Soruna bu çerçeveden bakıldığında; 3628 sayılı yasanın vali, müsteşar ve kaymakamlara
ayrıcalık tanıyan 17'nci maddesinin ikinci fıkrası ile 'Görevleri veya sıfatları sebebi ile özel
soruşturma ve kovuşturma usulüne tabi olan sanıklarla ilgili kanun hükümleri saklıdır' içerikli
üçüncü fıkrasının yürürlükten kaldırılması halinde 'yolsuzluk' suçları yönünden hiçbir kamu
görevlisinin soruşturma ve yargılama imtiyazı kalmayacaktır.
Öte yandan; Anayasa’nın 129 ncu maddesinin beşinci fıkrasına göre; “Memurlar ve diğer
kamu görevlileri hakkında işledikleri iddia edilen suçlardan ötürü ceza kovuşturması açılması”
yetkili merciin iznine bağlıdır. Tahkikat (soruşturma) ve takibat (kovuşturma) kavramları farklı
süreçleri ifade eder. Nisan 2005’te tümüyle yürürlükten kalkacak olan 1412 sayılı Ceza
Muhakemeleri Usulü Kanununun 164 ncü maddesi de örtülü olarak söz konusu ayrımı yapmakla
birlikte; 5271 sayılı Ceza Muhakemesi Kanununun “Tanımlar” başlıklı 2 nci maddesi bu ayrımı
somutlaştırmıştır. Anılan maddeye göre; “Soruşturma: Kanuna göre yetkili mercilerce suç
şüphesinin öğrenilmesinden, iddianamenin kabulüne kadar geçen evreyi”; “Kovuşturma (ise):
İddianamenin kabulüyle başlayıp, hükmün kesinleşmesine kadar geçen evreyi” ifade etmektedir.

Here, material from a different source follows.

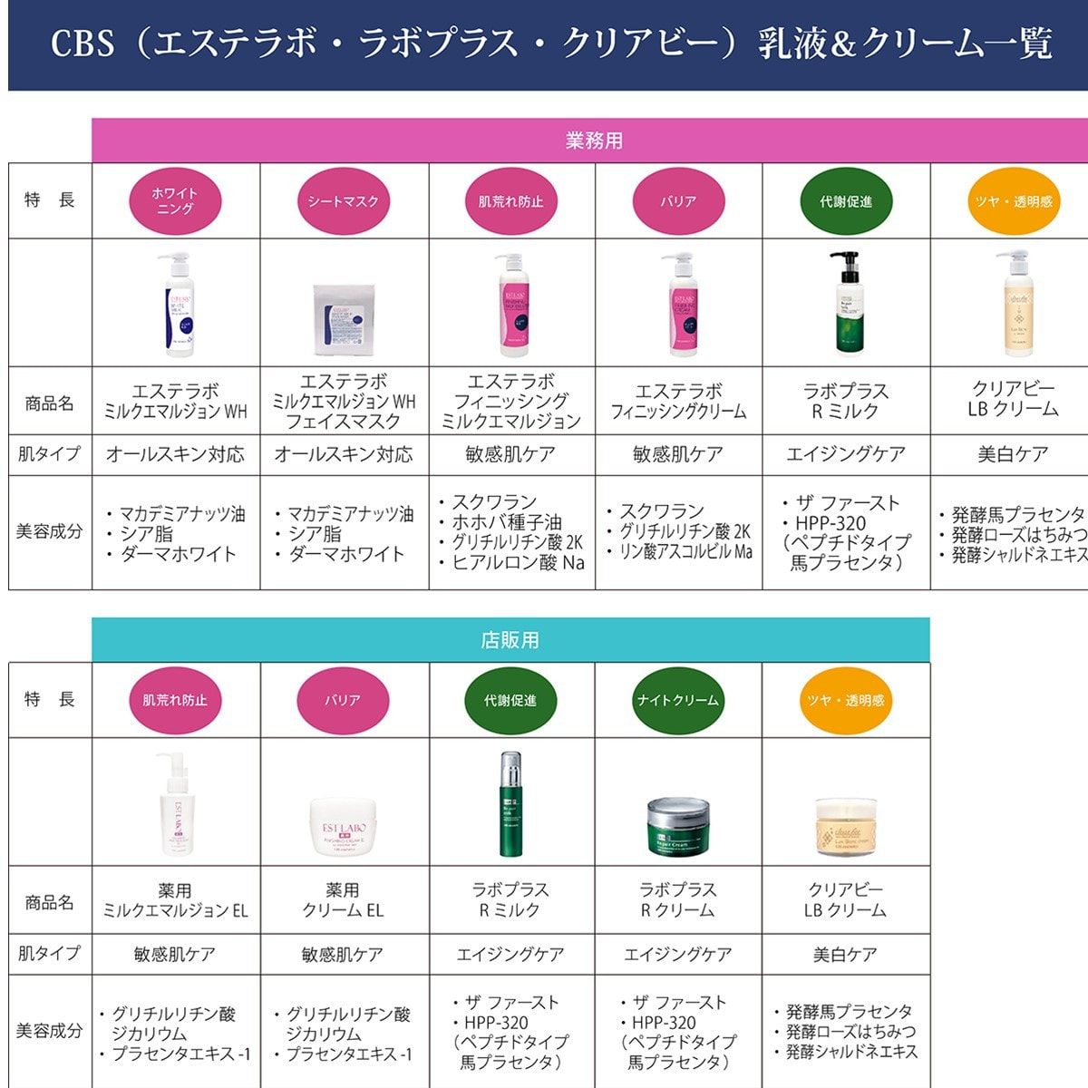 〈有効成分〉グリチルリチン酸2K/プラセンタエキス-1〈その他の成分〉精製水、1,3-ブチレングリコール、ホホバ油、濃グリセリン、ステアリン酸、ラベンダー水、スクワラン、パルミチン酸セチル、モノステアリン酸ポリオキシエチレンソルビタン、自己乳化型モノステアリン酸グリセリル、リン酸L-アスコルビルマグネシウム、コメヌカスフィンゴ糖脂質、水溶性コラーゲン液(1)、ヒアルロン酸ナトリウム(2)、アロエエキス(2)、オトギリソウエキス、カモミラエキス(1)、トウキンセンカエキス、シナノキエキス、ヤグルマギクエキス、ローマカミツレエキス、シア脂、天然ビタミンE、L-アルギニン、水素添加卵黄レシチン、卵黄リゾホスファチジルコリン、カルボキシビニルポリマー、1,2-オクタンジオール

Anayasa’da “ceza kovuşturması açılması”, “yetkili merciin izni” koşuluna bağlandığından
özellikle 5271 sayılı Kanunda yapılan düzenlemeden sonra Anayasanın 129 ncu maddesinin
beşinci fıkrası hükmünün hazırlık soruşturmasını da kapsadığını iddia etme olanağı kalmamıştır.
Dolayısıyla, Anayasa’nın 129 ncu maddesinin memurlar ve diğer kamu görevlileri hakkında
hazırlık soruşturması açılmasını engellediği savı tümüyle hukuki dayanaktan yoksun kalmaktadır.
Sonuç olarak; 3628 sayılı kanunun 17'nci maddesinin ikinci ve üçüncü fıkralarının yürürlükten
kaldırılması halinde memurların ve diğer kamu görevlilerinin işledikleri yolsuzluk suçları
yönünden tüm yargılama imtiyazları ortadan kalkacak; özel yasalardaki soruşturma ve
kovuşturma ayrıcalıklarına ilişkin hükümlerin sadece kovuşturma sürecini kapsayacak biçimde
değiştirilmesi durumunda da tüm suçlar yönünden ve herkes için Cumhuriyet savcılarının
soruşturma tekeli sağlanmış olacaktır.